Tips for Self-Care

After a Traumatic Event: Tips Self-Care 

 Things to Remember after a Traumatic Event

  • No one who sees a disaster is untouched by it.
  • It is understandable to feel anxious about you and your family’s safety.
  • Profound sadness, grief, and anger are common reactions to an abnormal event.
  • Acknowledging our feelings helps us recover.
  • Focusing on our strengths and abilities will help you to heal.
  • Accepting help from known resources is healthy.
  • We each have different needs and different ways of coping.
  • It is common to want to strike back at people who have caused great pain.   However, acts of retaliation are likely to do you more harm than good.

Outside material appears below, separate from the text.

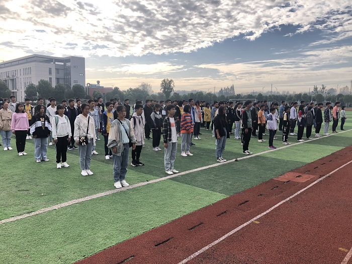 10月12日上午,我院电子信息系组织全系20级新生在院运动场举行升国旗仪式,升旗仪式由系团总支陈泽凯老师主持。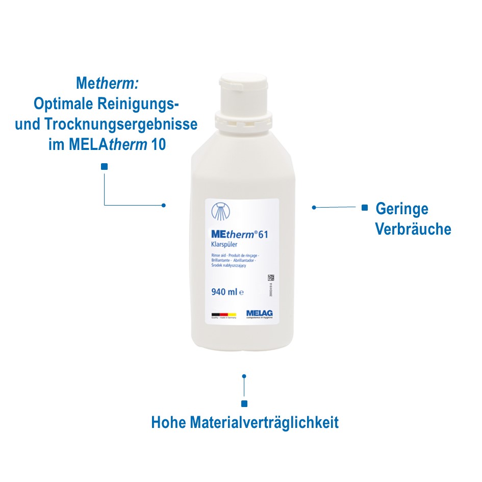 Das MEtherm-Sortiment ist für beste Reinigungs- und Trocknungsergebnisse optimal aufeinander abgestimmt. MEtherm 61 ist ein flüssiger Klarspüler, der eigens für die maschinelle Instrumentenaufbereitung im MELAtherm 10 entwickelt wurde. MEtherm 61 ist pH-neutral und besonders materialverträglich. Neben der Vermeidung von Belagsbildung auf den Instrumenten und in der Waschkammer des MELAtherm 10 trägt die Verwendung von MEtherm 61 zur Trocknungsoptimierung bei.

Signs that Adults Need Assistance after a Trauma

  • Difficulty communicating thoughts
  • Difficulty sleeping
  • Easily frustrated
  • Increased use of drugs/alcohol
  • Limited attention span, difficulty concentrating
  • Poor work performance
  • Headaches/stomach problems
  • Tunnel vision/muffled hearing
  • Colds or flu-like symptoms
  • Disorientation or confusion
  • Reluctance to leave home
  • Depression, sadness
  • Feelings of hopelessness
  • Mood-swings
  • Crying easily
  • Overwhelming guilt and self-doubt
  • Fear of crowds, strangers, or of being alone

Ways to Ease the Reaction to Trauma

  • Talk with someone about your feelings of anger, sorrow, and other emotions – even though it may be difficult
  • Don’t hold yourself responsible for the traumatic event.
  • Take steps to promote your own physical and emotional healing by staying active in your daily life patterns, or by adjusting them.   This healthy outlook will help yourself and your family (i.e. healthy eating, rest, exercise, relaxation, or meditation).
  • Maintain a normal household and daily routine, limiting your demanding responsibilities of yourself and your family.
  • Spend time with family, friends, and other supportive networks..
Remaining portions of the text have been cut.